Managing the relationship
Many outsourcing relationships fail because
of bad management of the Call Centre Service Provider by the
client or failure by the Call Centre Service Provider to deliver
to agreed expectations. Both parties should view the relationship
as constantly evolving and should behave accordingly.
The client’s or Call Centre Service
Provider’s market dynamics may change and a good relationship
will develop if each party is willing to adapt its business,
within certain guidelines, to meet the other’s evolving
requirements.
As the client, you should view the Call Centre
Service Provider as a strategic partner. The Call Centre Service
Provider should prove its partnership credentials by adding
value to the relationship: developing innovative solutions,
reducing your unit costs, etc.
Effective management of an outsourced contract
is dependent on
Clear defined business outcomes.
Simply stated, the design of the contact
centre solution should be dictated by the following parameters:
• The level of service the organisation
wishes to provide to its customers and that, based on experience,
will generate positive business outcomes.

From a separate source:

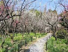 There are two plum groves in the pleasant Naritasan Park, one not far from the main hall of Naritasan Temple at the entrance of the park, the other at the base of the Great Pagoda of Peace. Together they have almost 500 plum trees making a walk through the park even more enjoyable when the flowers are in bloom.

Compromising on
service quality is a false economy, since it deters rather
than encourages loyalty or repeat purchase.
• Budget availability. Contact centres
are traditionally seen as representing a business cost rather
than a revenue enhancing service, and budgets are set accordingly.
More enlightened organisations will formulate their budgets,
not simply on the basis of the total cost of service delivery
or on the short term ROI to be gained through productivity
improvements, but on the long term business value they can
deliver through improved revenue enhancing outcomes. All the
more reason why Call Centre Service Provider should be rewarded
on service quality and the outcomes they create.
• Forecasts of the numbers, types,
duration and timing of the contacts and processes the centre
will need to handle, based on either historical experience
or, in the case of start up centres, informed assumptions.
Each of these parameters should be discussed
openly and confidentially with the potential Call Centre Service
Provider partners before selecting the Call Centre Service
Provider and negotiating the contract.
Only then can the Call Centre Service Provider
build and accurately cost a contact centre solution that will
meet the organisation’s expectations.
Good performance metrics measure results,
not just activity, and they are kept to a minimum.
Select service levels that will deliver those outcomes.
Traditionally, Call Centre Service Provider performance has
been measured on standard productivity criteria – such
as calls per hour and average call duration. These are cost
and efficiency, rather than effectiveness and quality centred
measures and can create an imbalance in the Call Centre Service
Provider focus that has a detrimental impact on customer service
by promoting agent behaviours which can act against the interests
of good conversations.
For example, by using tight scripting or
by imposing controls on call durations, the ability of the
agent to identify and address what the customer really wants
can be significantly reduced.
While productivity measures cannot be abandoned
altogether, where possible they ought to be subservient to
measures of conversational quality, customer satisfaction
and business outcome which facilitate the ability of the agent
to understand and meet customer’s needs
The core then of a good contact centre operation
is the ability to produce good conversations with customers.
The customer is the lifeblood of any organisation
and the outsourced contact centre is its public face. Every
effort should therefore be made by both sides to ensure that
customers have a positive experience whenever they contact
the centre
Measure service levels, accurately and objectively.